Sa devise, « qui n’avance pas recule. »
Qu’est-ce qui t’a donné envie d’écrire ce livre ?
C’est La vie. J’ai toujours eu envie de m’exprimer de différentes manières. Ce livre est venu tout naturellement. J’avais un parcours à témoigner. Ce n’est pas un livre autobiographique mais il évoque certains parcours de ma vie. Ce qui fait que je suis devenue ce que je suis et comment je le suis devenue. Mon parcours comme celui de beaucoup de femmes est unique. J’avais envie de voir comment à chaque fois je suis restée debout, comment j’avais la liberté et le pouvoir de dire non.
J’ai fait pas mal de mise en avant des femmes. Par exemple, pendant 20 ans j’ai été la correspondante permanente du Magazine Amina en Belgique. J’ai interviewé tous les mois une femme. Et à l’époque, il n’y avait pas de magazine qui mettait en avant les femmes de la diaspora. J’ai été précurseur en ce moment-là. Je suis contente d’avoir planté des graines. J’avais envie aussi, dans un monde où tout est éphémère, ou tout va vite, on oublie, les traces s’en vont… J’avais envie de laisser un témoignage, pas seulement pour les générations futures, mais également pour les jeunes d’aujourd’hui. Ils ont besoin de modèles, d’inspiration. J’ai été étonnée de voir tellement de messages de jeunes filles qui m’ont dit combien elles voulaient être à la barre de leur vie elles aussi.
Tes convictions t’ont toujours mené aux postes que tu as occupés
Pour moi, la vie est comme un puzzle, un champ qu’on laboure et on plante ça et là des actions et tout à coup ça prend forme.
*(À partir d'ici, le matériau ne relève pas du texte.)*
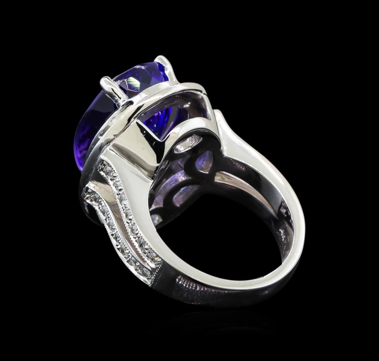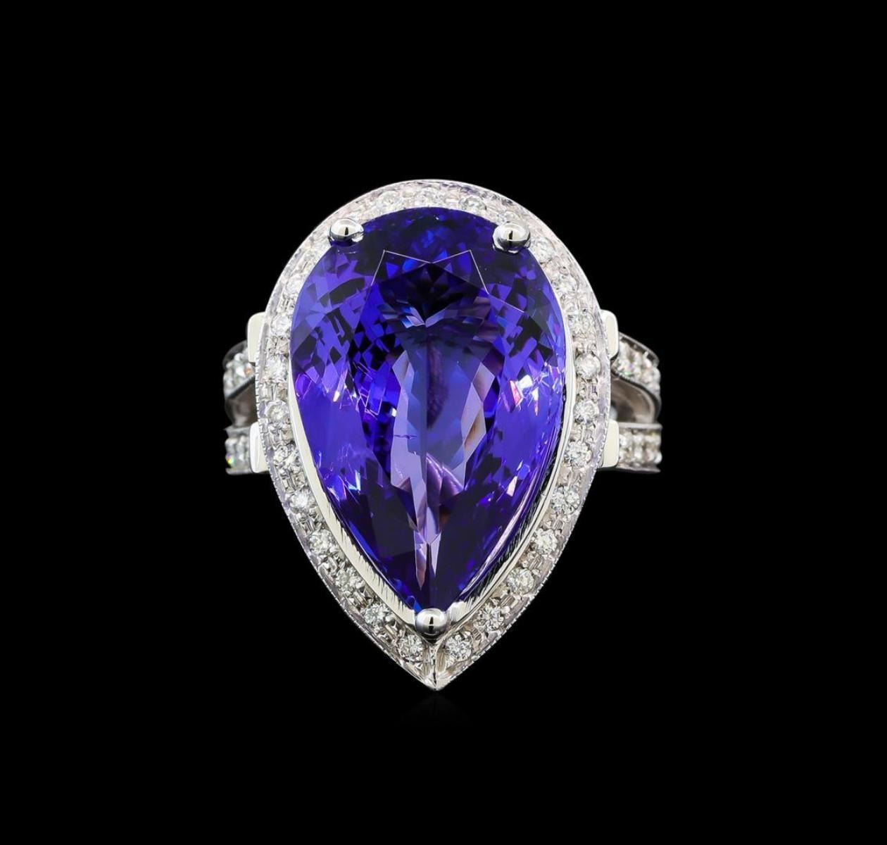 One electronically tested 14KT white gold lady's cast fashion ring with a split shank basket halo with a bright polish with milgrain detailing finish. The featured lady's ring has a shank measuring 3.77 millimeters wide. Identified with markings of '14K'. Condition is new, good workmanship. Containing: One prong set pear modified brilliant cut natural tanzanite, measuring 20.10 x 13.24 x 7.83mm, (depth est.) approximate weight of 13.42ct., clarity is slightly included, medium dark, moderately strong, bluish violet color, (GIA bV 6/4), cut is very good. Transmitting light with no distortion, transparent. Colored gemstones are presumed to have been subjected to commonly used enhancement processes. Graded loose prior to setting in the GIA Laboratory, Report #1172668667. Twenty-Eight bead set round brilliant cut diamonds, measuring 1.70 - 1.60 x 1.02mm (depth est.) approximate total weight of 28 Stones = 0.47ct. Graded in the setting. Clarity SI-1 to I-1. Color: G - H Cut Good Twenty-Seven bead set round brilliant cut diamonds, measuring 1.30 - 1.20 x 0.75mm (depth est.) approximate total weight of 27 Stones = 0.19ct. Graded in the setting. Clarity SI-1 to SI-2. Color: G - H Cut Good. Total Weight of Colored Stones 13.42ct.. Total Weight of Diamonds 0.66ct.. Total Weight of Ring 16.70gm. GAS Appraised.

J’ai l’impression que depuis toute petite au Mali, j’ai toujours été une petite fille au regard très acéré, très critique. Avec beaucoup de recul, et je comprenais bien qu’il y avait quelque chose qui ne tournait pas rond. Ne serait-ce que par rapport à la condition des femmes. Je comprenais donc qu’il y avait un autre monde qui était possible. J’ai eu la chance que mon père avait une très belle bibliothèque où je pouvais lire et m’évader.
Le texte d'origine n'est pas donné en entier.